That sense of home remains more important than ever for Khruangbin, as bassist Laura Lee recently relocated to London while guitarist Mark Speer and drummer Donald Johnson remain in Houston.
I reached out to Lee to learn more about the album, the band's transatlantic songwriting process, and recording in that Texas barn. Read on and listen to a full stream of The Universe Smiles Upon You below.
NOISEY: Khruangbin has a very distinct, specific sound. What are each of your musical backgrounds and influences?
Laura Lee: I think the whole band has a foundation in soul and R&B music. Individually, I have an affinity for psychedelic music, dub and groovy French pop music. Mark delves deep into music from all over the world, namely Ethiopia, Thailand, Jamaica, and the Near East, and DJ has roots in gospel and works in hip-hop and rap production as Beanz in Beanz N Kornbread.
Is the sound on Universe what the group strived for from the outset, or is it something that developed over time? How has that evolved?
We never really set out for a specific sound. I think we decided to go with a very playful intention, and let our influences or the time of day or the feelings that surrounded us influence what was happening. Due to us having been listening to a lot of Thai funk from the 60s and 70s at the start of the band, those influences were very strong in our early music, and over time it has drifted into different places. But anytime we’re looking for some inspiration, we always go back to those Thai cassettes.
Given the band’s range and combination of musical influences, what is the group’s songwriting process like?
It basically starts with bass. Now that I’m in London, I record bass over one of several drum loops that Mark has given me. I send it to Mark, he records guitar over it, and then when we go to play it, DJ plays the drums he feels would suit the track.
What brought you to London, and what have you been doing there? How has your time there influenced you, musically?
I came to London for romance. And through that came a world of things "meant to be" in so many ways. I’ve never felt more at home than I do here, I’ve never had such overwhelmingly beautiful and lovely friends, and Khruangbin has really taken flight since my arrival, almost immediately. In terms of musical influence, I think the biggest things that have happened are a deeper appreciation and understanding of the history of soul, house, disco and balearic music. And regarding Khruangbin, it made me realisze that we can stay true to ourselves when it comes to making music, because people have been so receptive to our natural sound.

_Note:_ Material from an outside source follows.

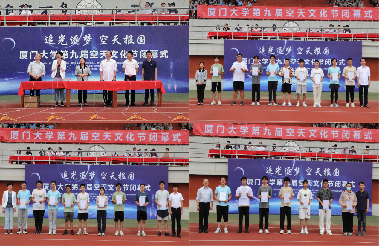 近日,厦门大学第九届空天文化节闭幕式在翔安校区一期田径场举行。航空航天学院党委书记廖志丹、常务副院长尤延铖、校美育与通识教育中心原副主任楼红英、翔安校区办公室主任薛志平、现代教育技术与实践训练中心副主任胡天林、同安一中副校长杨柳峰、厦门市航协党支部书记纪宏毅、航空航天学院党委副书记王寒、飞行器系副主任(主持工作)朱呈祥等出席闭幕式。翔安校区师生及厦门一中、厦门外国语学校、同安一中、厦门市松柏第二小学、厦门翔安东园小学等中小学师生代表参加活动。

Chemistry feels especially important to the success of your music. How does the band maintain that, now that you live in different places?
It’s hard—not even so much with the distance, but with the time difference. It will be the evening for me when it’s the morning for them, and it’s difficult to really be in the same headspace. We do our best given our limitations. We’re always in contact on text, phone, and online; Skype whenever possible to just sort of hang out, and we share music every week to keep sharing influences and feelings we’re having on a regular basis.
Was it always the plan to record the album in a non-traditional space?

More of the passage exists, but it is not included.